I see you're posts, and I can tell you like this drug. I don't blame you, it's fucking amazing. But sincerely, even though I don't know you, I wish you would take it easy and be careful. Try focusing more on bettering yourself. Believe me when I tell you, being high all the time is not the way to do so. You may say you don't care to better yourself, but we both know deep down that's a load of crap. Everyone wants better. Nobody is ever satisfied with their situation, no matter how good they have it. Constantly strive to be a better you. One day at a time, make those changes to be healthier, and smarter, more intelligent and conscious.
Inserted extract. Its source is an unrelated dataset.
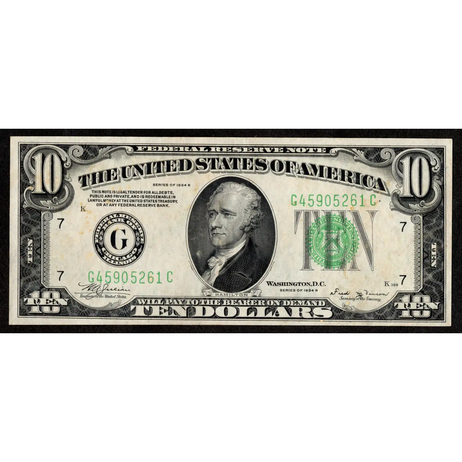 A sharp and attractive 1934-B Chicago $10 Federal Reserve Note, this Fr. 2007-G features the classic green seal, bold district markings, and the historic “Legal Tender for All Debts, Public and Private” clause that defines early small-size Federal Reserve Notes.
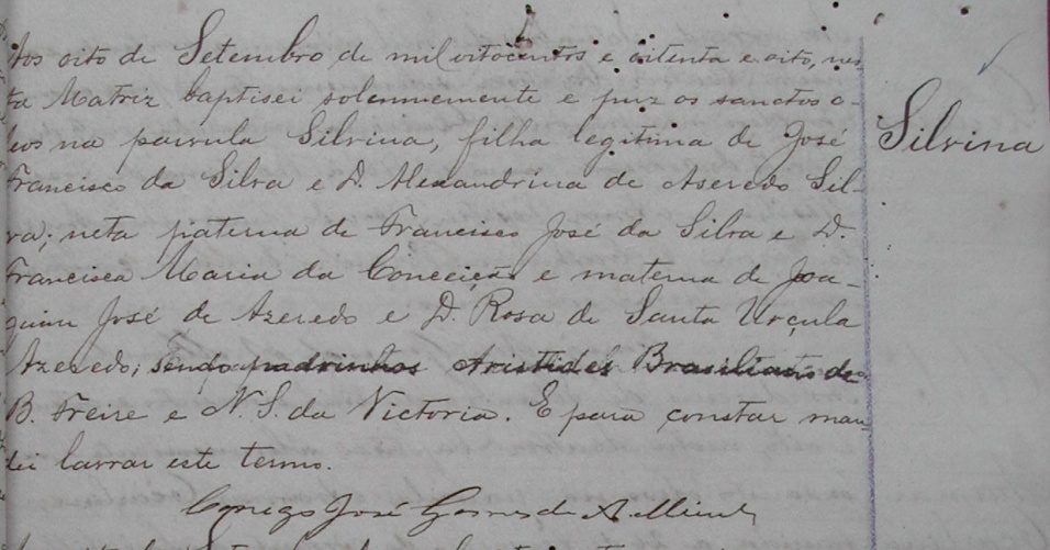 Silvina, batizada no dia 08/09/1888, na Matriz de Vitoria-ES

Remember, life is a marathon, not a short sprint.

Ty for this post. I have thought about this, and my other post over on OD, and it seems to make sense. My mindset of wanting to stay high all the time stems from my love for drugs, in all of honesty I don't really much passion for other things in life. Tomarrow I will make an effort to not do any MXE or take any compound and see how things are. For so long I have been pretty much just high every other day. Again even tho I don't know you, I will take that as advice.

-PLUR
 
Today I'm gonna lay off the MXE for a day to see if some of the side effects improve. I have been experiencing instances of mania when coming off of this stuff. And from binging for one week, each day goes by its gets worst.
Much in the same way I can't handle ketamine, or any substance I've abused, I don't think I'm able to control my intake of this compound.

-PLUR
 
Today I'm gonna lay off the MXE for a day to see if some of the side effects improve. I have been experiencing instances of mania when coming off of this stuff. And from binging for one week, each day goes by its gets worst.
Much in the same way I can't handle ketamine, or any substance I've abused, I don't think I'm able to control my intake of this compound.

-PLUR

Mania was the most prominent side effect from my experience. After my first 1 gram binge, I just felt confused, like I couldn't keep track of my thoughts or what was going on around me. It's not a particularly unpleasant feeling, but it certainly isn't close to being enjoyable. It's just a sense of confusion, almost as though your attention span is shortened dramatically for a little while. It doesn't last too long, but it's enough to make me think twice about doing it so often.